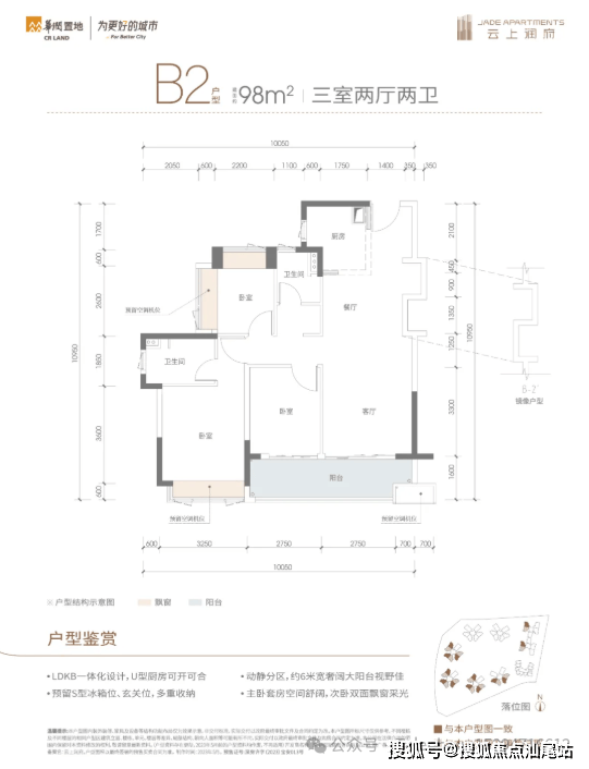 B2户型:经典竖厅格局,客厅3.45米开间,连接6.2米长的大阳台,得房率83.76%,西南、东南或西北向。
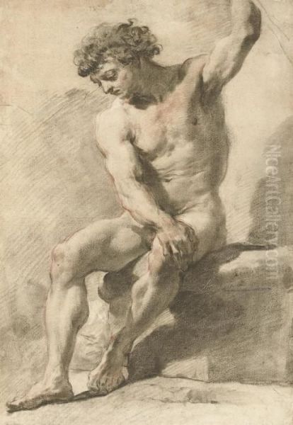 A Seated Academic Male Nude, His Left Arm Raised
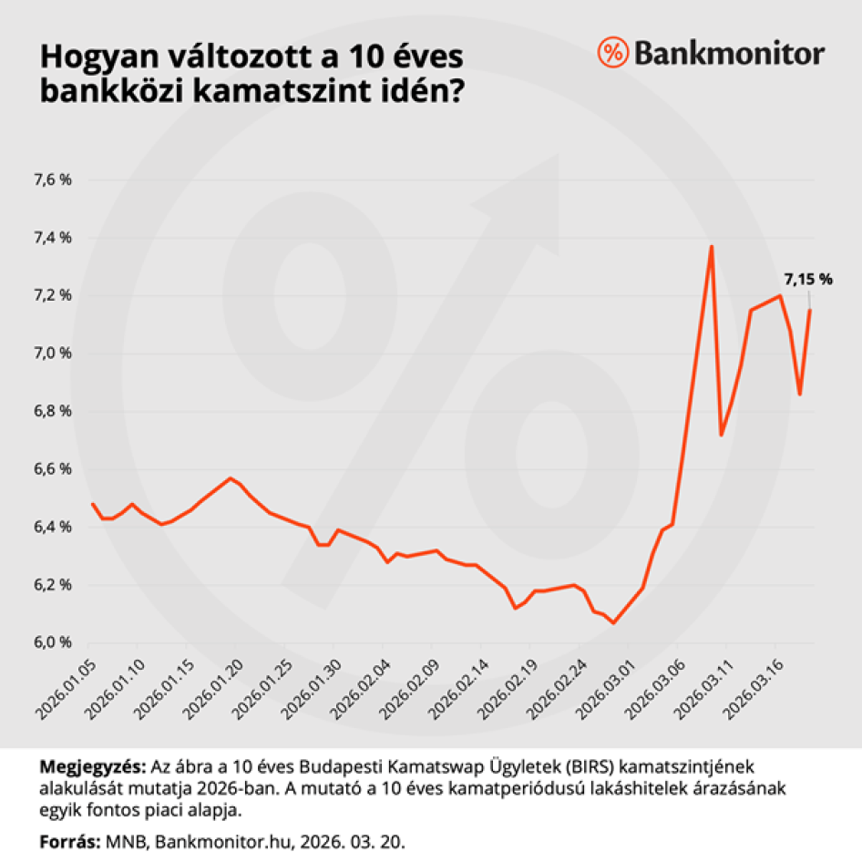 A budapesti bankközi kamatláb az iráni konfliktus kezdete óta érezhető mértékben megugrott. 6,07 százalékos szintről, ahol február 27-én volt. Március 9-én 7,37 százalékos szint3n is járt a mutató. Onnan egy kicsit visszacsúszott, de még március 19-én is 7,15 százalékon áll, ami egy teljes százalékponttal magasabb mint a közel-keleti háború előtt.
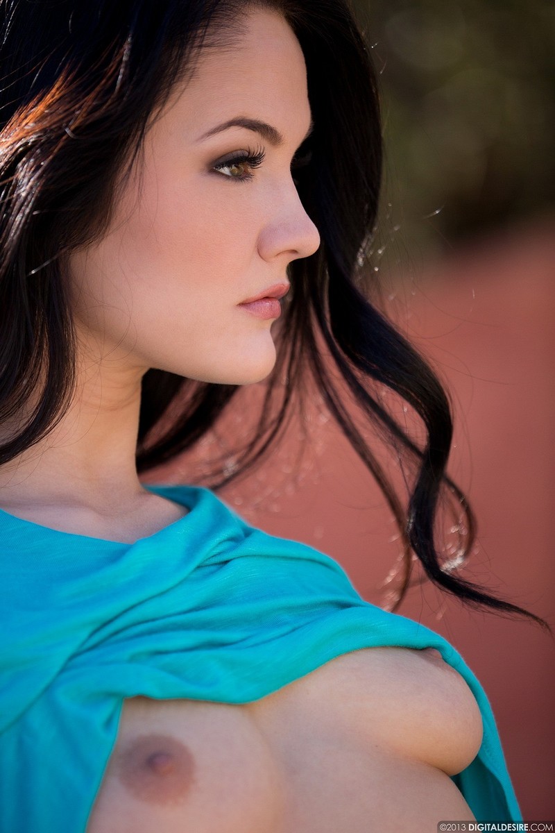 Zmysłowa kocica rozbiera się pod gołym niebem i prezentuje naturalne cycki. Śliczna laska ma sterczące sutki z podniecenia i prześliczne oczka.
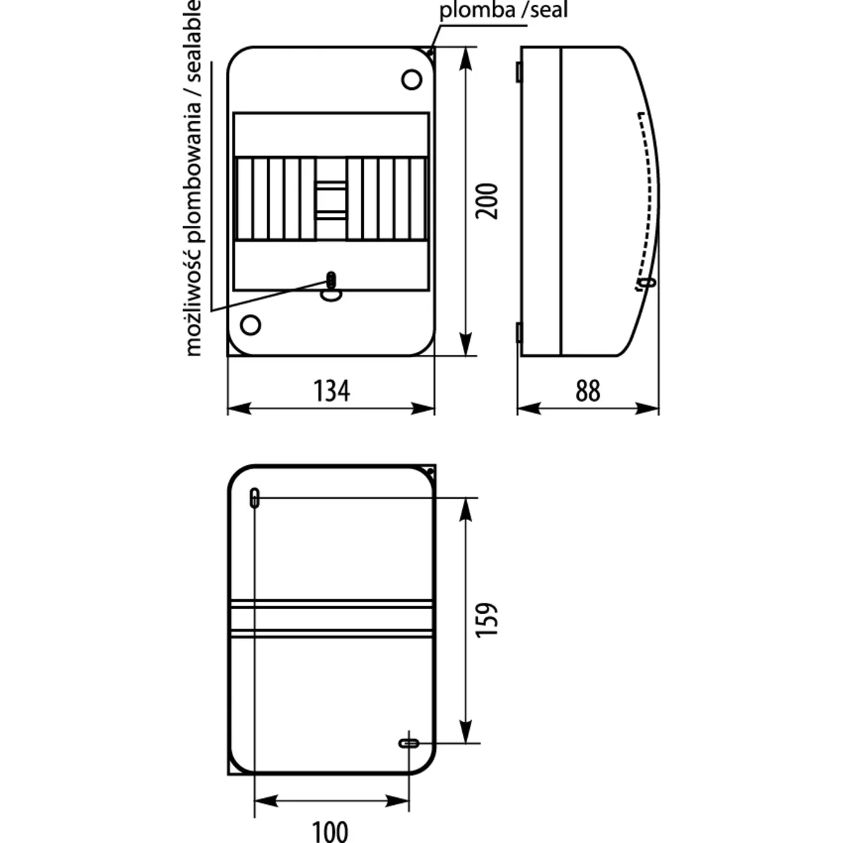 Switchboards are made of high-quality plastic. They are adapted for indoor use. The switchgears have a closed box casing and are suitable for sealing. In the side parts of the housing there are embossments for easy insertion of cables or installation pipes. Switchboards are provided with descriptive labels. They also have N+PE terminal strips. The mounting element in the switchgear is the TH 35/7, 5 (Eurorail) bracket, which allows the installation of overcurrent protection devices, residual current devices and other electrical devices. According to the applicable standards, switchgears should be placed on fire-retardant walls by appropriately qualified persons

####

**ASSIGNMENT:** Starting at the top of the listing above, reproduce each line up to and including the one with "A Seated Academic"; omit the pictures.

**SOLUTION TO THIS EXERCISE:**
 B2户型:经典竖厅格局,客厅3.45米开间,连接6.2米长的大阳台,得房率83.76%,西南、东南或西北向。
 A Seated Academic Male Nude, His Left Arm Raised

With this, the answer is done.